Once again, recruiters are the problem

scrottie on 2006-07-04T19:51:23

I know these guys work hard, and it's the situation that's at fault. That being said, here's the situation, with a little background first.

A few recruiters have been chasing me. One of the companies later casually boasted of hiring a very well known person in the Perl community. This bugged me for some reason, and I couldn't quite put my finger on it until now. It doesn't bother me that they don't want me so much any more, or that this other person has a job, or that it isn't the coolest job in the world and they deserve better, but that's getting warming.

I've beend teasing recruiters, telling them I want to work on long term infrastructure that will benefit them but is beyond the scope of any of their current projects. They *hate* this, all being obsessed with whatever the current deadlines are that they're getting ready to miss and not the 20 upcoming deadlines for other things they're also going to miss and the next million dollars worth of hardware they're going to have to buy to try to scale up. As soon as the scope of work goes above whatever middle manager I'm assigned to, it's panic.

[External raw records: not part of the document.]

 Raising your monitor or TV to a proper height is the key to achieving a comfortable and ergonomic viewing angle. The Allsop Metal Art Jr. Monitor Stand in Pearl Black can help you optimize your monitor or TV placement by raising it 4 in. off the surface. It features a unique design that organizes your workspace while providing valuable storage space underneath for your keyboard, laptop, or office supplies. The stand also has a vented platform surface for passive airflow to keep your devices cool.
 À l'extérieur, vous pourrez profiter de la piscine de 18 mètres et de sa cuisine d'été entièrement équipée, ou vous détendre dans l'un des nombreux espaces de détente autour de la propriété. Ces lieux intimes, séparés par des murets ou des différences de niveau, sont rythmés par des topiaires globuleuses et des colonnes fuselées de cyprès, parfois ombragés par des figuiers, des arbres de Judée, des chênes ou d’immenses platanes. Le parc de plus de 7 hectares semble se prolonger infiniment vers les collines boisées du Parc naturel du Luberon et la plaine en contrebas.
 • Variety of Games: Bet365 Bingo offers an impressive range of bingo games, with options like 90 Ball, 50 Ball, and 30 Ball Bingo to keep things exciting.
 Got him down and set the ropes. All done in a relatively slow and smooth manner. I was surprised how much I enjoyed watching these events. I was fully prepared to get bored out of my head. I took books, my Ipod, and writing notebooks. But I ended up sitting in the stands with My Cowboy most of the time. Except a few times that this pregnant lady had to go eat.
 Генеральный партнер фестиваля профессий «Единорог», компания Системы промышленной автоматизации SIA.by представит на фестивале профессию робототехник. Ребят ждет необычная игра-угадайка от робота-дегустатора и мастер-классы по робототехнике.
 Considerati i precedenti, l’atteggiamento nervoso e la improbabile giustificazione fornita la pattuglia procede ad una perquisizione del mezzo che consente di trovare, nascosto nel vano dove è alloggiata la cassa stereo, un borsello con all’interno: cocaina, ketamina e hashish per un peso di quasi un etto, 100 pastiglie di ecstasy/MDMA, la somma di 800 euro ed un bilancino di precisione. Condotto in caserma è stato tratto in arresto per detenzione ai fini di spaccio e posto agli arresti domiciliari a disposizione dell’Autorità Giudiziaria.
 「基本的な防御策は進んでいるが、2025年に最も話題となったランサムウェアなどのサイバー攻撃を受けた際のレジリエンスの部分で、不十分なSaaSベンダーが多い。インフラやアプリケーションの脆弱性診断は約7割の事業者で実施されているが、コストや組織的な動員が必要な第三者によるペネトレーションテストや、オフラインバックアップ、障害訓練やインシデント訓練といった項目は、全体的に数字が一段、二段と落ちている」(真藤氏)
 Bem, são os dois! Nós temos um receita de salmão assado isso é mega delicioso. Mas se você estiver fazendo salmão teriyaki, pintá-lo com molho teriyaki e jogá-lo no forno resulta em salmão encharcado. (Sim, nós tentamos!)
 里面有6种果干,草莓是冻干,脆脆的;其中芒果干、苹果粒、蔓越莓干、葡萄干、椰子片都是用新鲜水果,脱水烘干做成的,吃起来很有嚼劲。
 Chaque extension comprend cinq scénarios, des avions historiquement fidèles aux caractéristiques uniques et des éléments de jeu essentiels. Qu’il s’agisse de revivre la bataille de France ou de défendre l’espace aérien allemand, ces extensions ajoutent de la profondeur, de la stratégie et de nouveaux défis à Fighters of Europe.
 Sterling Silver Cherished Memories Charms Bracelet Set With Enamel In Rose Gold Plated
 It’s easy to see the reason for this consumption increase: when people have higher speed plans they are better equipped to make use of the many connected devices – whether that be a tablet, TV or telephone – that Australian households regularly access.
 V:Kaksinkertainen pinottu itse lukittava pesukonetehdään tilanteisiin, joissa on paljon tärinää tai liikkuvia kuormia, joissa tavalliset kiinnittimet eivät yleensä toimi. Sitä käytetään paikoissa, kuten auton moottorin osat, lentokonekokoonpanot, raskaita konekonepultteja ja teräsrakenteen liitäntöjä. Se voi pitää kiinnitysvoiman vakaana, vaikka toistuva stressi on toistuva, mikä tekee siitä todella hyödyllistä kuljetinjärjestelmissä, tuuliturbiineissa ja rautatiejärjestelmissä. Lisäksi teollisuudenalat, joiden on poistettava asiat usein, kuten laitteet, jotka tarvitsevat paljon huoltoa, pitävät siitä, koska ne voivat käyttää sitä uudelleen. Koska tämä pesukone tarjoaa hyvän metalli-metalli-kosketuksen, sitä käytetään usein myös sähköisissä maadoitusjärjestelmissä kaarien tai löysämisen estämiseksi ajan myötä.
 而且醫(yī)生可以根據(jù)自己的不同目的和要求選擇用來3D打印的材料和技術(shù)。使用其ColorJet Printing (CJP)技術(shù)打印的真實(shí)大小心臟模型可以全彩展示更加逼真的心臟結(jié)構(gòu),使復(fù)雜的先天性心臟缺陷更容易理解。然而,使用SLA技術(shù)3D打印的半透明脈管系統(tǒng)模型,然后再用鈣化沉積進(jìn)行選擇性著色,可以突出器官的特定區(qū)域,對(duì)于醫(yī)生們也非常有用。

Companies must have gotten into this mindset in part because recruiters and recruiting works. They can -- with this last hire as proof -- get top talent to work for middle managers, with blinders on, oblivious to the long term for the company, business-wise or technology wise.

With Nicholas Clark's lament at http://www.nntp.perl.org/group/perl.perl5.porters/112172 about the lack of paid labor beyond Perl itself it struck me that if these companies were legimately desperete for talent, then talent would be able to set the priorities, and they'd pick longer term priorities -- such as Perl itself.

We got where we are now in Perl with Perl's philosophy that developer time amortizes over user time. And companies just don't "get" that. And now we're losing it.

Companies are well known for complete failure to give back. Microsoft, with it's huge size and influence over the burb its in, famously negioted tax breaks that let it bankrupt the local gradeschool and turn it into a school worse than most inner city schools. Way to go! It seems to me that Perl using companies are managed to shoot themselves in the foot in a similar, but even shorter-term -- say one or two years down the road -- sort of way.

So, I'm going to "profit" from this little bubble by using it as a soap box to condescend to these fucktards from.